What do the phases of clinical trials mean?
Intellectual property and orphan drug designation
Patents and intellectual property
Oncopeptides has an active patent strategy, spanning from protection of the early pre-clinical portfolio to the commercial product Pepaxti. Part of the strategy encompasses protection in all major geographic markets, including the U.S., Europe, Canada, Japan, and China.
The company’s intellectual property portfolio of registered intellectual property rights consists of granted patents, patent applications in different stages, as well as trademarks.
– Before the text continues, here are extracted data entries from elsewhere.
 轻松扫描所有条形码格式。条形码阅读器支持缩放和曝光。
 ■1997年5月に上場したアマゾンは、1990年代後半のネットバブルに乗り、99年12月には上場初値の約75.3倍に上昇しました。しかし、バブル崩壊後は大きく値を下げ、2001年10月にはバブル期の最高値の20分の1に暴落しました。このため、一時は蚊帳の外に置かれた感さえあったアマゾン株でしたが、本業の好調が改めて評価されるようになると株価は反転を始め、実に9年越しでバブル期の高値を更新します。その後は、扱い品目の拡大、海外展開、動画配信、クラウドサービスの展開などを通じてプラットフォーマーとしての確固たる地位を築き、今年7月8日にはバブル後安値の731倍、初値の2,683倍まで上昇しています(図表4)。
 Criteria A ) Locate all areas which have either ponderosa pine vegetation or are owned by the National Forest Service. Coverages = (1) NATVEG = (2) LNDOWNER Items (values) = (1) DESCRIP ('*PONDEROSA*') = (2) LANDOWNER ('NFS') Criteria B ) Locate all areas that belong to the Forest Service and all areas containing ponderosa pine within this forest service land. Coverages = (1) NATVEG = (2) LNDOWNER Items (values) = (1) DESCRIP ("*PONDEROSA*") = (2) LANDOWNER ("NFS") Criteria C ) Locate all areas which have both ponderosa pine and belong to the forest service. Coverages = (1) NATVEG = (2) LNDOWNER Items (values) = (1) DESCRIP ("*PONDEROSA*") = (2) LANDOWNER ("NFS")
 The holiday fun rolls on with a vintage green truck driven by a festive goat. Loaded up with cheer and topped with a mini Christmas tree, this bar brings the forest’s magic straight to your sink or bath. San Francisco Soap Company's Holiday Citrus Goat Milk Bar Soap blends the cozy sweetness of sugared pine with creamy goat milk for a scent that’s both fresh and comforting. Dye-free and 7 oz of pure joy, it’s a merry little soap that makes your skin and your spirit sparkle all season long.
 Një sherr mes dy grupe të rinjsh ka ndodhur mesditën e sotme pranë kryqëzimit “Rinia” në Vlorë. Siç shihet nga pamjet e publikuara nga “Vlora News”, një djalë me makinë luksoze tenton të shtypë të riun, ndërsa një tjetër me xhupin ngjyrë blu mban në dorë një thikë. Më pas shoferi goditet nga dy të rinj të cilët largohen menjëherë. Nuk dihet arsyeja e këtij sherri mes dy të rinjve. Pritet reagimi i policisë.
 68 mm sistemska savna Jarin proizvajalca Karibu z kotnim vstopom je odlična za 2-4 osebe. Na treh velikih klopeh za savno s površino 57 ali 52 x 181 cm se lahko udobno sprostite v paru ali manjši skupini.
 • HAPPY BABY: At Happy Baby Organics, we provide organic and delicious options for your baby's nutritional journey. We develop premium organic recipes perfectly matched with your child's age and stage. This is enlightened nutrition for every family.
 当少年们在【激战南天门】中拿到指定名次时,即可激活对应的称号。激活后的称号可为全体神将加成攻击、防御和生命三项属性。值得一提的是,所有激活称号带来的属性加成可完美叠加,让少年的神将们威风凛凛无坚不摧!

In addition, the company has important rights to clinical data and significant unregistered rights including trade secrets.
Melflufen is protected by different families of granted patents, including formulations, manufacturing processes and methods for treatment.
The market authorizations in EU and UK during the second half of 2022, may enable us to extend the patent protection for up to five years via the Supplementary Protection Certificates (SPCs), which have now been filed. The possibility to extend the patent term in selected countries will be investigated if new markets are entered.
Since the establishment of the drug development lab in 2020, pre-clinical R&D efforts have been intensified, resulting in an increase in filed applications over the last couple of years. These applications, some yet unpublished, provide protection of new innovations in the pre-clinical pipeline, including both the Peptide Drug Conjugate (PDC) platform and the Small Polypeptide based Killer Engagers (SPiKE) platform.
To secure high quality IP protection, Oncopeptides has a long-lasting relationship with Abel & Imray patent and trademark attorneys and their international network of attorneys around the world.
Orphan designation
Orphan designation is granted to treatments that target rare diseases where it’s unlikely that the costs of developing such treatments would be recovered through sales. An orphan designation may provide benefits such as market exclusivity but is only given to drugs that are proven better than all available therapies in that indication.
Melflufen was initially granted orphan designation in both the US and Europe, but at the time of marketing authorization approval of Pepaxti in EU, in Aug 2022, the company decided to withdraw Pepaxti from the European Union register of orphan medicinal products as other products have become available.
When relevant, orphan designation may also be applied for new compounds in the portfolio.